[HOW TO COMPLETE THIS TASK] Make an exact copy of all the entries, but do not reproduce the pictures.

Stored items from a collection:
□ □ □

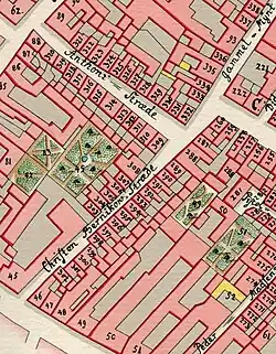 Barnikow's former property remained the by far largest property in the narrow street. It was listed in the new cadastre of 1756 as No. 45 in Købmager Quarter, owned by restaurateur Johan Georg Egner. The smaller corner property on the other side of the street was listed as No. 46 in Købmasger Quarter, owned by book binder Johan Fredeirk. The rest of the street was lined with mostly very small properties. The properties on the east side of the street were listed from north to south as No. 287–302. The properties on west side of the street (adjacent to Barnekow's former property) were listed from south to north as No. 303–309.
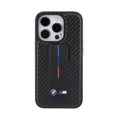 BMWワイセンスケースiPhone15 Pro用 PUカーボン グリップスタンド 背面ケース
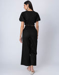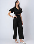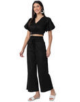 Features: This V-neck 2-Piece Cotton Co-ord Set features a stylish crop top with puffed sleeves and elastic detailing on the front and back, paired with flared palazzo pants that have an elastic waist with a drawstring, offering a relaxed fit, lightweight comfort, and two convenient pockets.
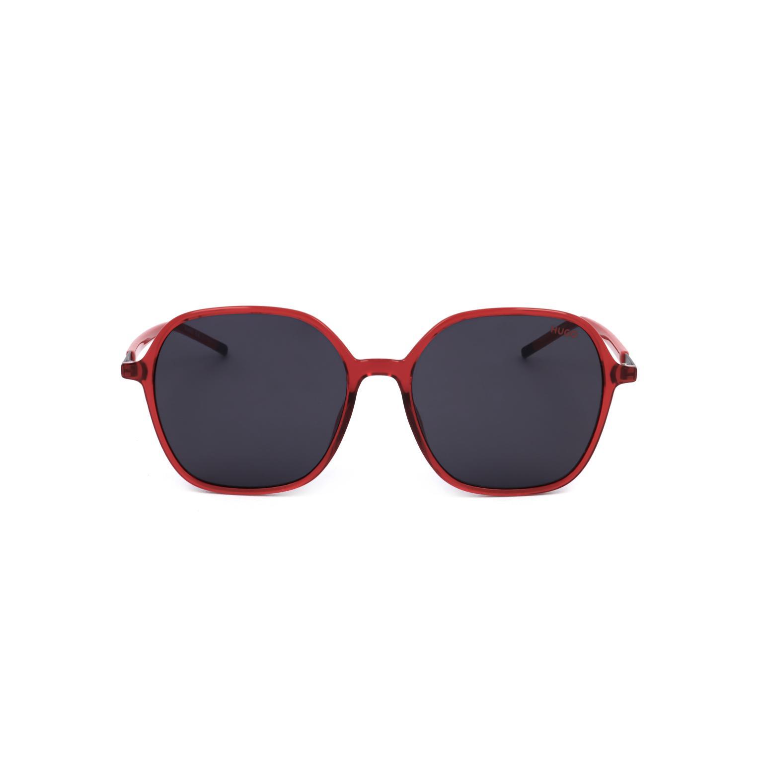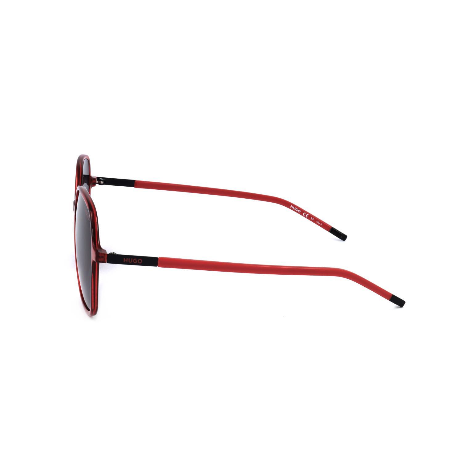 These women's sunglasses by HUGO feature a distinct geometric silhouette with a subtly translucent frame, presenting a contemporary and assertive aesthetic. The dark lenses are complemented by sleek, slender temples, which discreetly display the brand's logo, making them a commercially appealing accessory.
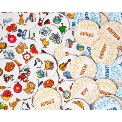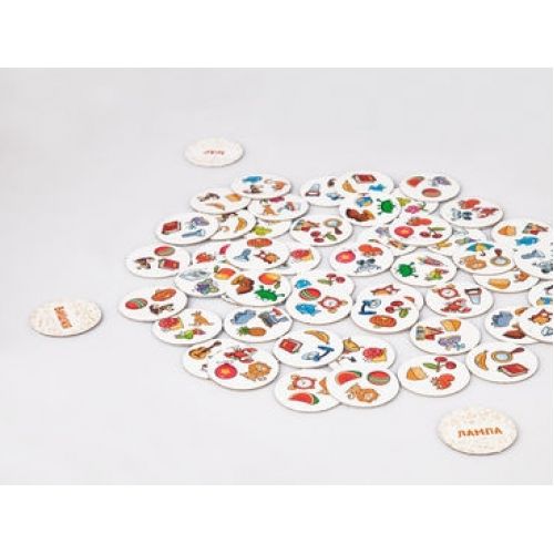 Виріб у вигляді яскравого набору з 96 фішок-жетонів з малюнками і словами, ілюстрованих правил. Для 2-5 гравців на українській мові. Гра вчить слова, читанню і швидкочитанню, розвиває логіку, мислення, увагу.
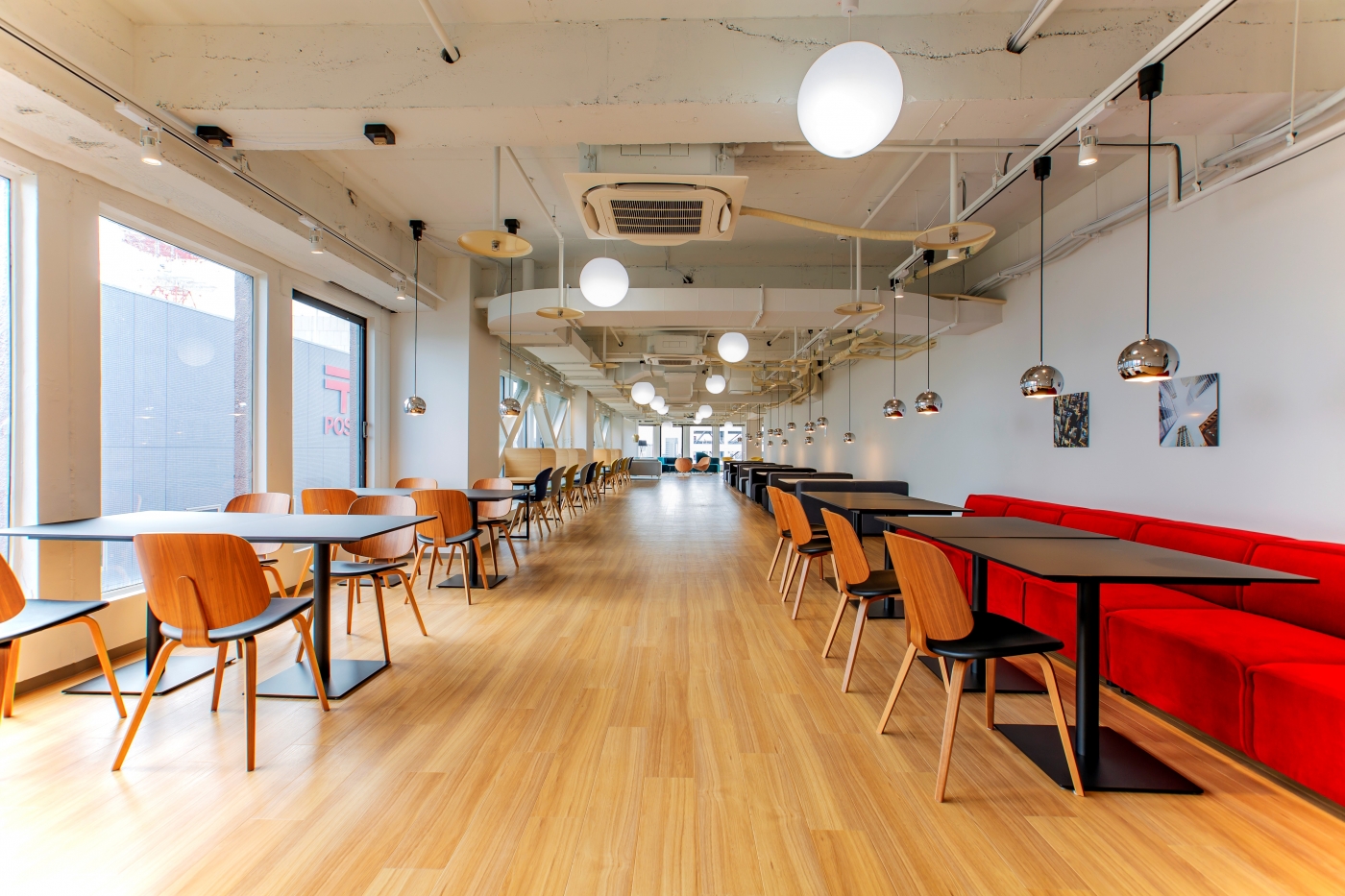 宮崎オフィス8階と同じくREGAIN GROUPのブランドコンセプトである「新しい"eigyo"のかたち」を踏襲し、「地方の雇用創出」を目標にした増床プロジェクトのお手伝いをさせていただきました。”ABR(Activity Based REGAIN GROUP)”というコンセプトをもとに、ABW(最先端の働き方)とRGG(リゲイングループ様らしい働き方)を掛け合わせた新しいオフィス創りを目指しました。”R”には隠された3つの要素として、1.Remote(働きやすさ)、2.Refresh(生産性向上)、3.Regional Activity(地域活性)という意味を持たせたオフィスになっています。廊下は壁面をガラスにして開放感を演出し、ソファを置くなど人が溜まる仕掛けをつくることでオフィス全体に活気が生まれるようにしました。コミュニケーションスペースは壁面にグリーンウォールとネオンサインを設置し、社内/社外に向けてリゲイングループ様らしさを伝える空間となっています。オフィスで働く社員の皆様がより快適に仕事に集中できる環境を整えました。
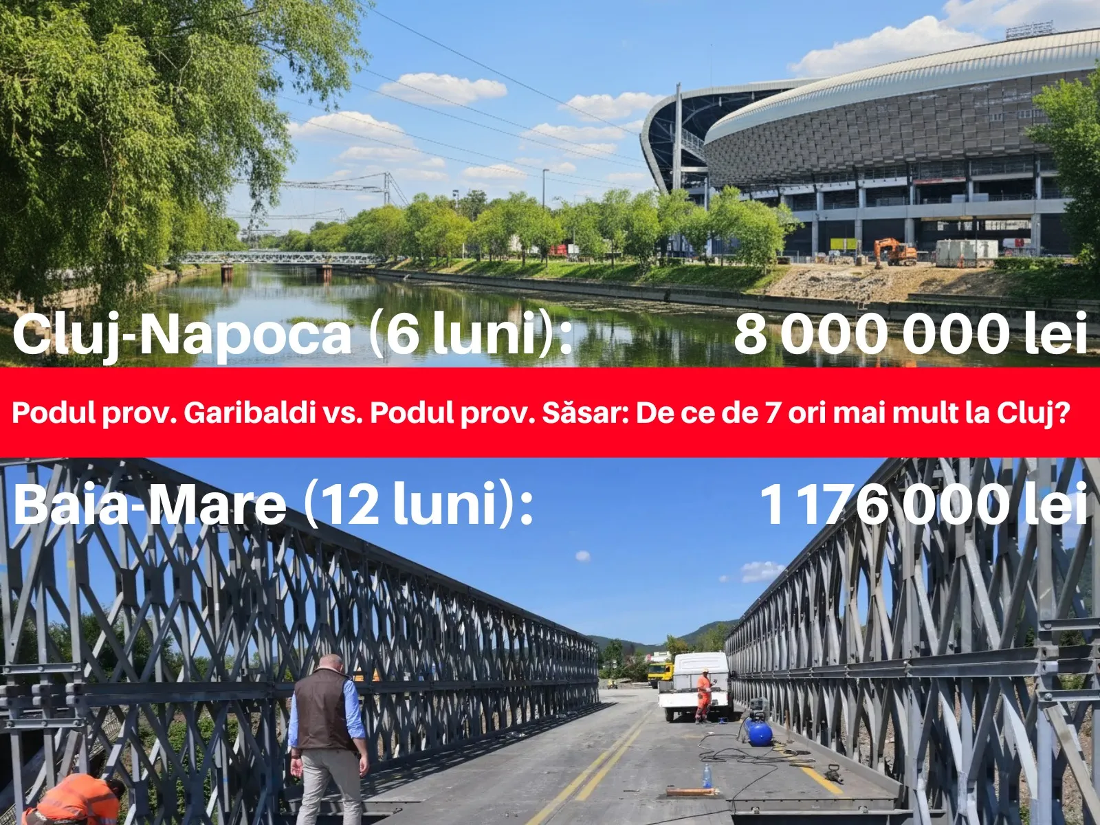 Administrația PNL ne cere să închidem ochii la un cost de 8.000.000 de lei pentru 6 luni, pentru un pod temporar. Pentru a înțelege dimensiunea acestei sume, am făcut o comparație simplă cu un proiect similar din Baia Mare realizat de CNAIR: Podul provizoriu de pe Săsar.
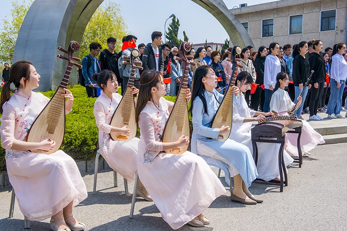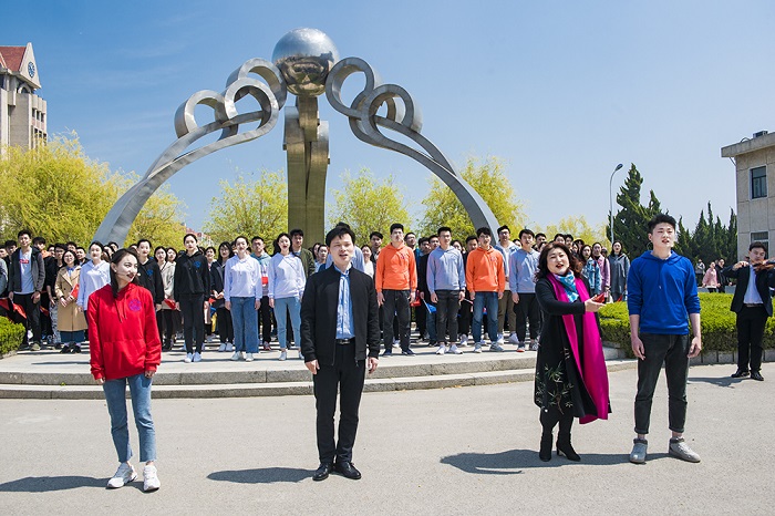 此次快閃活動(dòng)的主題曲《我和我的祖國(guó)》融合了古箏、二胡、琵琶等民樂(lè)元素以及小提琴、電吉他等電音元素,既體現(xiàn)了中華傳統(tǒng)文化的獨(dú)特魅力,又體現(xiàn)了中西方文化的交融。青春活力的煙大師生揮舞著國(guó)旗和校旗,用歌聲憧憬未來(lái),傾訴對(duì)祖國(guó)的熱愛(ài)。活動(dòng)現(xiàn)場(chǎng)出現(xiàn)了煙臺(tái)大學(xué)師德標(biāo)兵李營(yíng)、李清華老師的身影,傳來(lái)了山東省高校青年教師教學(xué)比賽一等獎(jiǎng)獲得者張景暉等老師的歌聲,看到了“六教大爺”李師傅、六餐大廚朱師傅熟悉的面龐。悠揚(yáng)的旋律,明快的節(jié)奏,激發(fā)了每位煙大人的愛(ài)國(guó)之情和民族自豪感。
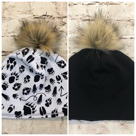 Reversible child’s beanie with removable faux fur pompom. Made to fit age 1-3, 19” head circumference.
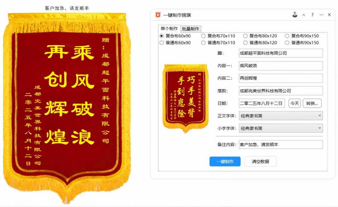 功能简介:一键制作锦旗插件可批量生成复合布及普通布的常见规格锦旗,操作简便快捷。
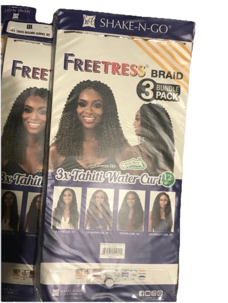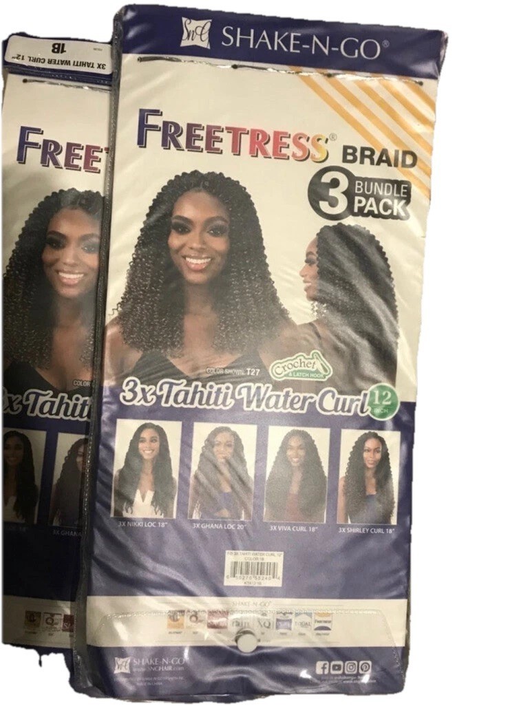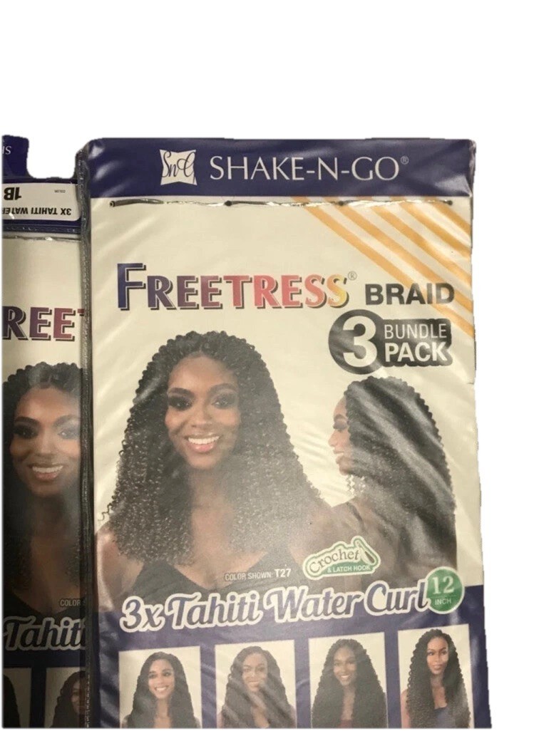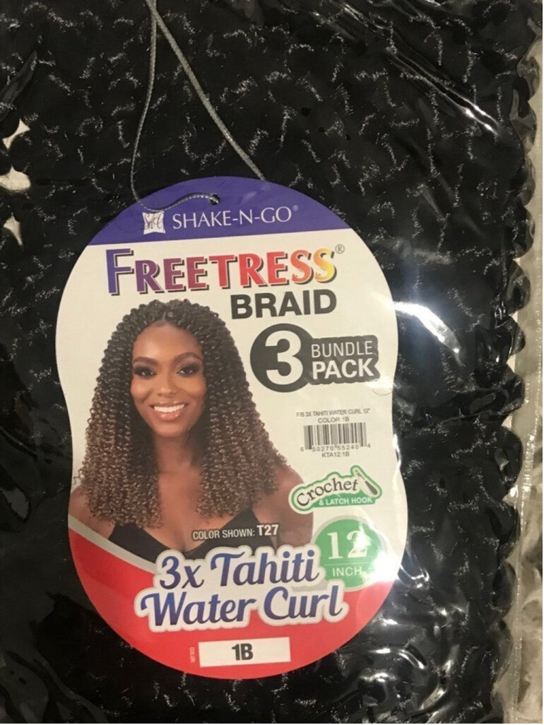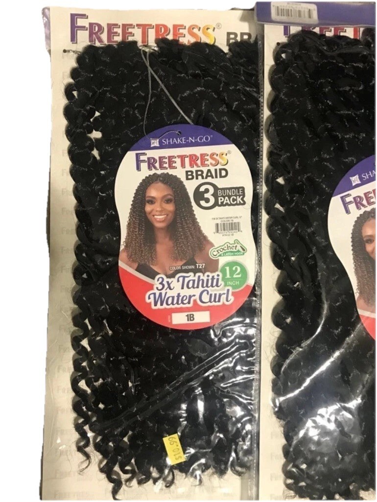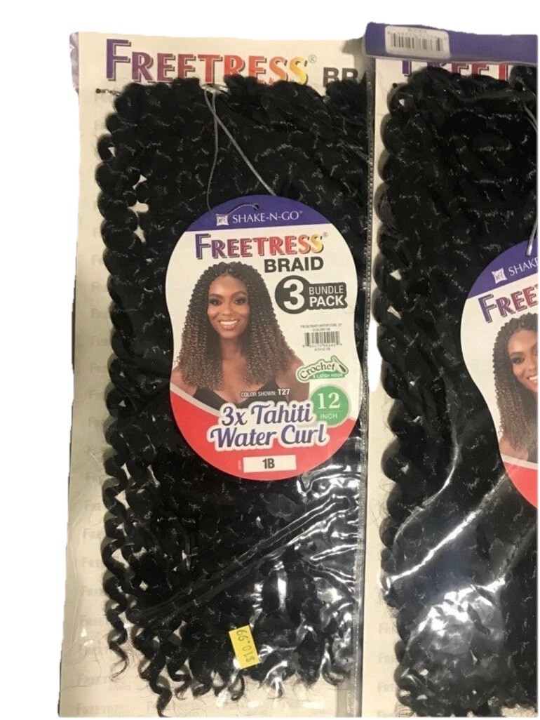 - Freetress Braid 3X Water Curl Crochet Hair 12" inches 3 packs 1B
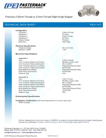 inventory and certifications: Precision 2.92mm Female to 3.5mm Female Right Angle Adapter PE91167
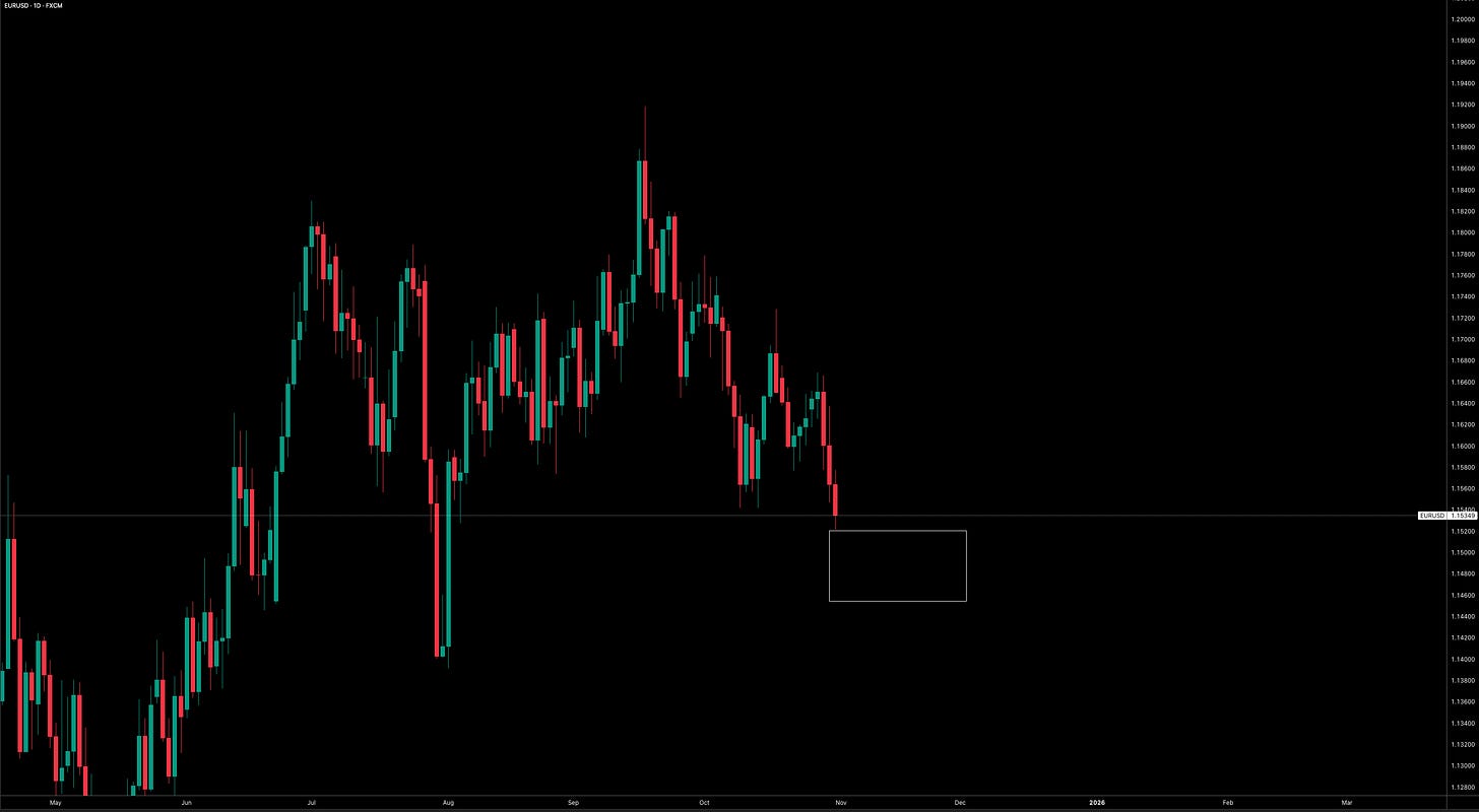 I’ll be closely monitoring how EUR/USD trades over the next two weeks in the box below. Ideally, I’d like to see eurozone rates start to firm into year-end. If November inflation prints in the U.S. lower again, alongside a decline in inflation swaps, I think the December and January cuts could become fully priced in. That said, I’m not abandoning my broader bias that the Fed will eventually need to step back onto the curve due to persistent inflation and strong growth; I’m simply framing this near-term view around how reactive the OIS curve has been to softer data.

□ □ □

[RESULT OF THIS EXERCISE]
 Barnikow's former property remained the by far largest property in the narrow street. It was listed in the new cadastre of 1756 as No. 45 in Købmager Quarter, owned by restaurateur Johan Georg Egner. The smaller corner property on the other side of the street was listed as No. 46 in Købmasger Quarter, owned by book binder Johan Fredeirk. The rest of the street was lined with mostly very small properties. The properties on the east side of the street were listed from north to south as No. 287–302. The properties on west side of the street (adjacent to Barnekow's former property) were listed from south to north as No. 303–309.
 BMWワイセンスケースiPhone15 Pro用 PUカーボン グリップスタンド 背面ケース
 Features: This V-neck 2-Piece Cotton Co-ord Set features a stylish crop top with puffed sleeves and elastic detailing on the front and back, paired with flared palazzo pants that have an elastic waist with a drawstring, offering a relaxed fit, lightweight comfort, and two convenient pockets.
 These women's sunglasses by HUGO feature a distinct geometric silhouette with a subtly translucent frame, presenting a contemporary and assertive aesthetic. The dark lenses are complemented by sleek, slender temples, which discreetly display the brand's logo, making them a commercially appealing accessory.
 Виріб у вигляді яскравого набору з 96 фішок-жетонів з малюнками і словами, ілюстрованих правил. Для 2-5 гравців на українській мові. Гра вчить слова, читанню і швидкочитанню, розвиває логіку, мислення, увагу.
 宮崎オフィス8階と同じくREGAIN GROUPのブランドコンセプトである「新しい"eigyo"のかたち」を踏襲し、「地方の雇用創出」を目標にした増床プロジェクトのお手伝いをさせていただきました。”ABR(Activity Based REGAIN GROUP)”というコンセプトをもとに、ABW(最先端の働き方)とRGG(リゲイングループ様らしい働き方)を掛け合わせた新しいオフィス創りを目指しました。”R”には隠された3つの要素として、1.Remote(働きやすさ)、2.Refresh(生産性向上)、3.Regional Activity(地域活性)という意味を持たせたオフィスになっています。廊下は壁面をガラスにして開放感を演出し、ソファを置くなど人が溜まる仕掛けをつくることでオフィス全体に活気が生まれるようにしました。コミュニケーションスペースは壁面にグリーンウォールとネオンサインを設置し、社内/社外に向けてリゲイングループ様らしさを伝える空間となっています。オフィスで働く社員の皆様がより快適に仕事に集中できる環境を整えました。
 Administrația PNL ne cere să închidem ochii la un cost de 8.000.000 de lei pentru 6 luni, pentru un pod temporar. Pentru a înțelege dimensiunea acestei sume, am făcut o comparație simplă cu un proiect similar din Baia Mare realizat de CNAIR: Podul provizoriu de pe Săsar.
 此次快閃活動(dòng)的主題曲《我和我的祖國(guó)》融合了古箏、二胡、琵琶等民樂(lè)元素以及小提琴、電吉他等電音元素,既體現(xiàn)了中華傳統(tǒng)文化的獨(dú)特魅力,又體現(xiàn)了中西方文化的交融。青春活力的煙大師生揮舞著國(guó)旗和校旗,用歌聲憧憬未來(lái),傾訴對(duì)祖國(guó)的熱愛(ài)。活動(dòng)現(xiàn)場(chǎng)出現(xiàn)了煙臺(tái)大學(xué)師德標(biāo)兵李營(yíng)、李清華老師的身影,傳來(lái)了山東省高校青年教師教學(xué)比賽一等獎(jiǎng)獲得者張景暉等老師的歌聲,看到了“六教大爺”李師傅、六餐大廚朱師傅熟悉的面龐。悠揚(yáng)的旋律,明快的節(jié)奏,激發(fā)了每位煙大人的愛(ài)國(guó)之情和民族自豪感。
 Reversible child’s beanie with removable faux fur pompom. Made to fit age 1-3, 19” head circumference.
 功能简介:一键制作锦旗插件可批量生成复合布及普通布的常见规格锦旗,操作简便快捷。
 - Freetress Braid 3X Water Curl Crochet Hair 12" inches 3 packs 1B
 inventory and certifications: Precision 2.92mm Female to 3.5mm Female Right Angle Adapter PE91167
 I’ll be closely monitoring how EUR/USD trades over the next two weeks in the box below. Ideally, I’d like to see eurozone rates start to firm into year-end. If November inflation prints in the U.S. lower again, alongside a decline in inflation swaps, I think the December and January cuts could become fully priced in. That said, I’m not abandoning my broader bias that the Fed will eventually need to step back onto the curve due to persistent inflation and strong growth; I’m simply framing this near-term view around how reactive the OIS curve has been to softer data.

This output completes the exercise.